The characteristics of women and men were compared by use of the Wilcoxon rank-sum test for continuous variables and the χ2 test for categorical variables. Hazard ratios (HRs) and 95% confidence intervals (CIs) were estimated with a Cox proportional-hazards regression model. Event rates were determined by Kaplan-Meier failure rates at 12 months. Multivariable models evaluating the association of gender and outcomes were adjusted for baseline variables (age, race, body mass index, creatinine clearance, diabetes mellitus, hypertension, angina, MI, revascularization, heart failure, and smoking status), features on presentation (ST deviation, index event, obstructive epicardial disease, troponin status, and BNP status), and in-hospital treatments (percutaneous coronary intervention, coronary artery bypass grafting, glycoprotein IIb/IIIa receptor inhibitors, thienopyridines, statins, and angiotensin-converting enzyme inhibitors or angiotensin II receptor blockers). For treatment-specific outcomes, analyses were stratified by the intention to use an early invasive strategy. The interaction between treatment and sex was evaluated within a Cox proportional-hazards model. All analyses reported here were performed independently by the TIMI Study Group using STATA/SE 9.2 (STATA Corp, College Station, Tex). The authors had full access to and take full responsibility for the integrity of the data. All authors have read and agree to the manuscript as written.
Clinical Features and Biomarker Data
The study included 2291 women (35%) and 4269 men (65%). The baseline TIMI Risk Score was similar between the sexes, with 20.9% of women and 20.1% of men being classified as high risk (score of 5 to 7; Table 1).17 However, the components of risk differed. Specifically, women were more likely to present with a history of cardiovascular risk factors (including hypertension and diabetes mellitus), prior angina episodes, ST depression on their ECGs, and increased age, whereas men were more likely to present with prior coronary artery disease and elevated markers of myonecrosis (P<0.001 for each; Figure 1).
Relative to the biomarker data, the troponin values at baseline were 3.9±12.6 mg/dL for women compared with 6.6±16.9 mg/dL for men (P<0.001). The inverse was true for markers of hemodynamic stress, with women having higher BNP concentrations than men (165.7±297.2 versus 116.5±184.9 mg/dL; P<0.001). The relationship between higher BNP values among women persisted after adjustment for hypertension and diabetes mellitus. Likewise, more women than men had elevated BNP values when evaluated as a dichotomous variable (47.0% versus 40.2%; P<0.001). The C-reactive protein concentrations were similar among women (13.1±19.6 mg/L) and men (14.1±21.2 mg/L; P=0.74).

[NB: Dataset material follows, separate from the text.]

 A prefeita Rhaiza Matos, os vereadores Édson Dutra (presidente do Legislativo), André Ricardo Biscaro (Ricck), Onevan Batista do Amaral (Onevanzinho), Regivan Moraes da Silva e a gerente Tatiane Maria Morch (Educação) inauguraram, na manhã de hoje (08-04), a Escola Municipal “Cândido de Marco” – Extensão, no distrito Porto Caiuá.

Monitoring with a cECG device was performed in 6355 patients (97%). Of women who underwent testing, 22.5% exhibited evidence of ischemia from 0 to 7 days after enrollment compared with 19.3% of men (P=0.0025). The median duration of ischemia among subjects who had evidence of ischemia on cECG from 0 to 7 days was 146 minutes in women and 106 minutes in men (P=0.004).

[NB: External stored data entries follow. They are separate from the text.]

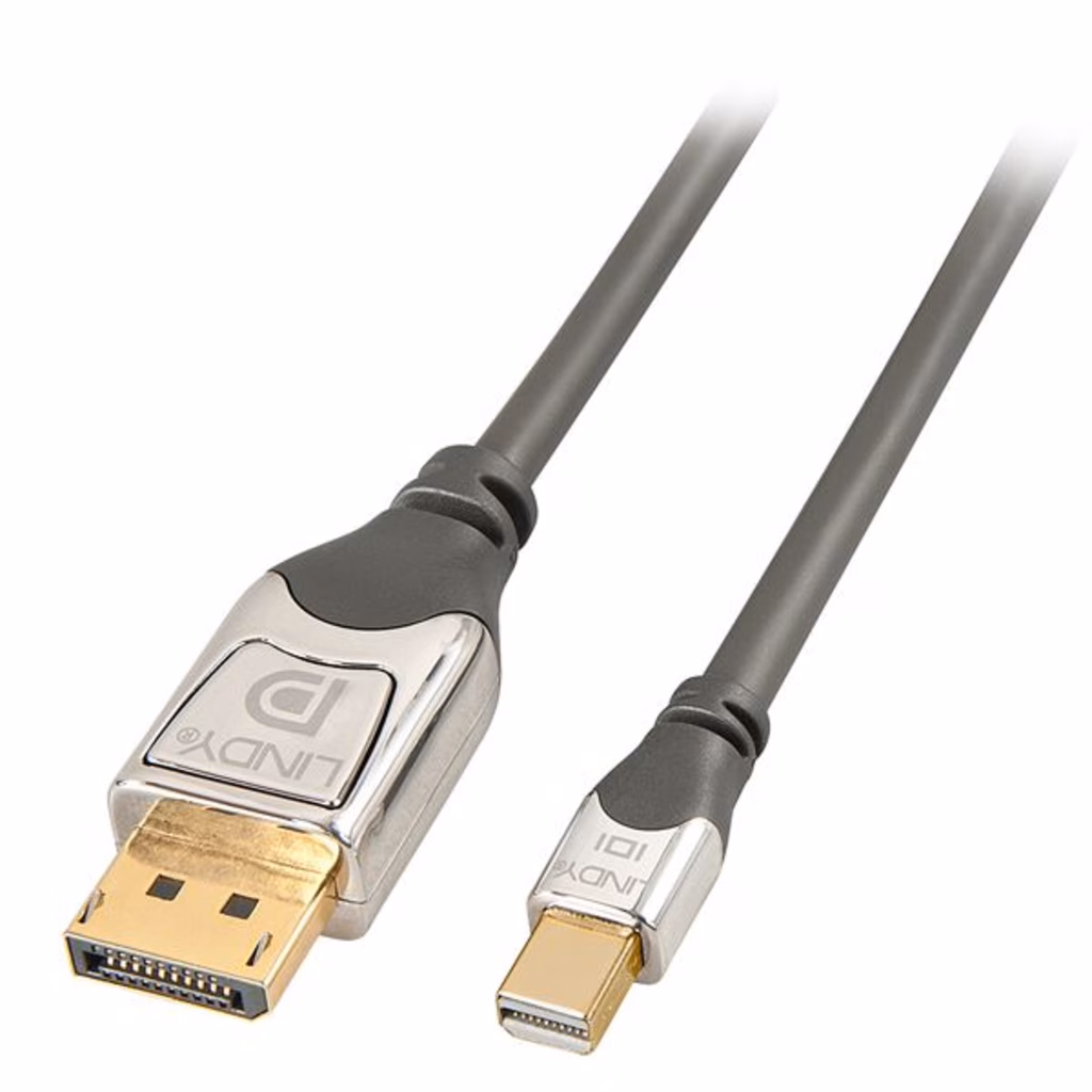 Cavo Mini DisplayPort a DisplayPort di alta qualità e design ricercato Supporta risoluzioni UHD fino a 4K 4096x2160@60Hz 4:4:4 10bit Connettori e contatti placcati oro 24K, guscio in ABS cromato Cavo con tripla schermatura, resistente alla corrosione, conduttori in rame stagnato 32AWG DisplayPort 1.2, 4K, 3D, 21.6Gbps; 10 anni di garanzia I cavi Mini DisplayPort a DisplayPort CROMO sono realizzati con conduttori 32AWG con tripla schermatura per performance ottimali e resistenza alla corrosione. Contatti e connettori sono placcati oro 24K per mantenere la massima integrità del segnale e affidabilità. Supportano risoluzioni UHD fino a 4K 4096x2160@60Hz 4:4:4 10bit, incluso segnali 3D stereoscopici. La profondità di colori 4:4:4 garantisce la riproduzione dei colori più accurata possibile. I cavi CROMO hanno i connettori in ABS con il caratteristico design cromato per dare un tocco di stile in applicazioni commerciali e domestiche. Disponibili in diverse metrature: 0.5m, 1m, 2m, 3m e 5m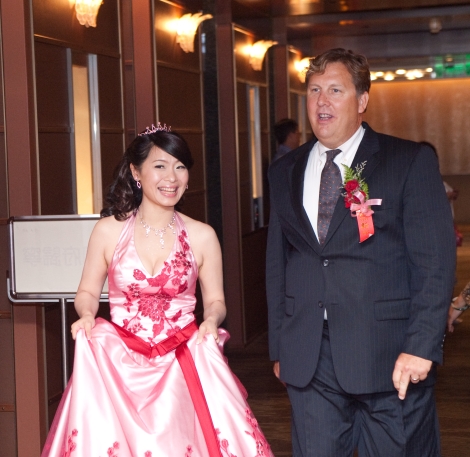 走進喜宴會場,己來了很多客人。招待人員引領我和小謝來到〝親朋 〞的桌位上。環視整個熱鬧的會場中,沒有看到其他任何外籍人士。聽朋友說:新郎、新娘己在美國辦過婚禮,新娘希望在自己家鄉,親朋好友前接受祝福,同時也讓新郎感受家人朋友的祝福。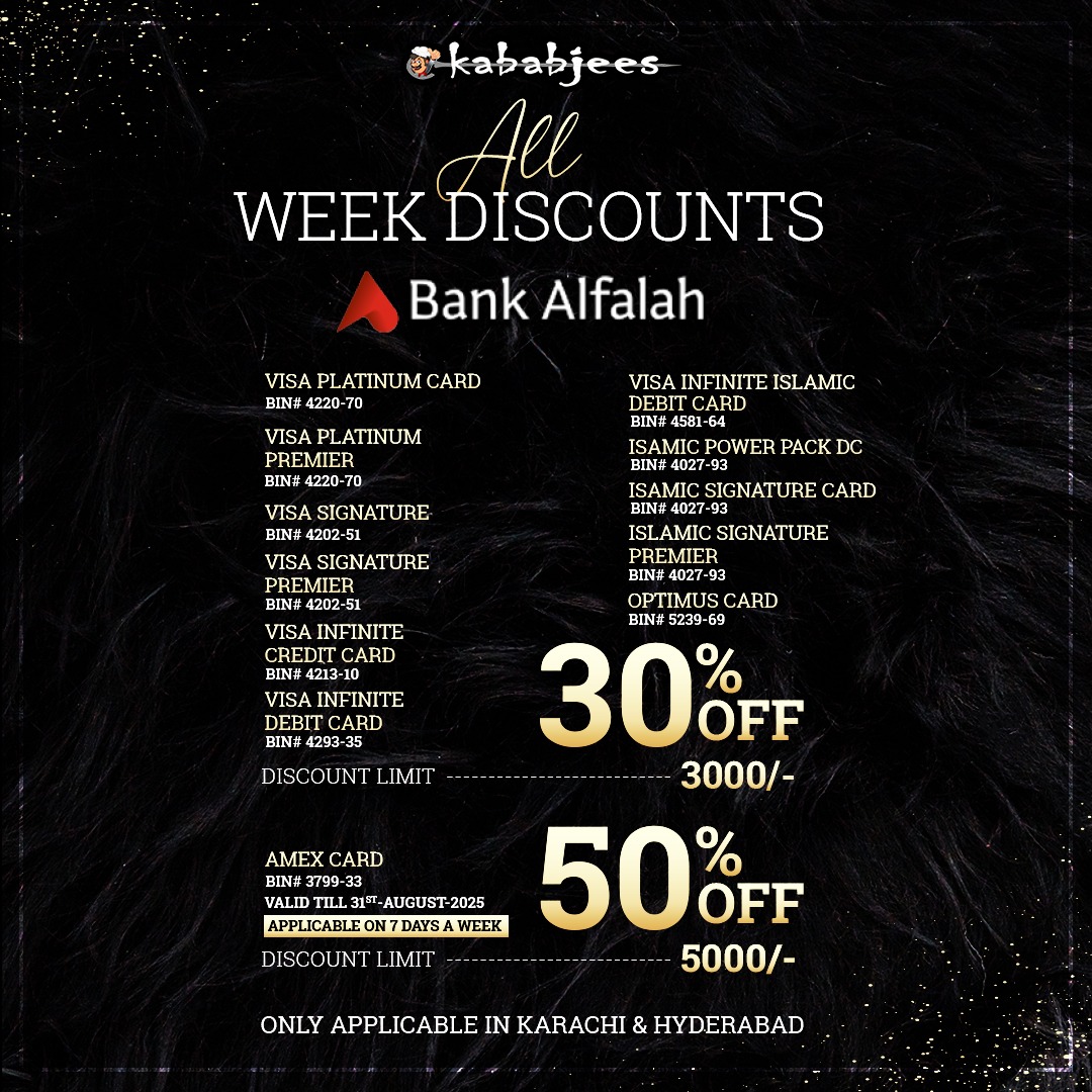 Now you can have the goodness of Kababjees delivered at home by just ringing us a bell. Call 111-666-111 for more information.

In women, in an evaluation of the relationship between the cECG findings and long-term clinical outcomes, higher rates of cardiovascular death and MI over the 1-year follow-up period were seen among women who experienced ≥1 ischemic episodes on cECG monitoring from day 0 to 7 (P<0.001; Figure 2). Women with at least 1 ischemic episode compared with those with no ischemia on cECG were also at increased risk of the primary end point and each of the individual components of the primary end point (primary end point: 32.3% versus 20.9%, P<0.001; cardiovascular death: 9.6% versus 4.1%, P<0.001; MI: 10.0% versus 6.8%, P=0.02; recurrent ischemia: 21.2% versus 13.8%, P<0.001).
The relationship between the detection of ST changes on the cECG and the risk of cardiovascular death, MI, or recurrent ischemia remained significant after adjustment for epicardial coronary artery disease and hypertension, both of which are variables that could influence the assessment of ischemia on cECG (adjusted HR, 1.45; 95% CI, 1.10 to 1.92; P=0.009). Additionally, the risks of cardiovascular death, MI, or recurrent ischemia associated with ST changes on cECG versus no ST changes on cECG were similar among women with and without evidence of obstructive epicardial disease (with coronary artery disease [CAD]: 32.6% versus 24.3%; HR, 1.43; 95% CI, 1.07 to 1.91; and without CAD: 18.6% versus 8.7%; HR, 1.75; 95% CI, 0.65 to 4.73; Pinteraction=0.66). Likewise, there was no statistical difference in the relationship between cardiovascular death, MI, or recurrent ischemia and cECG ischemia among women with and without hypertension (Pinteraction=0.22).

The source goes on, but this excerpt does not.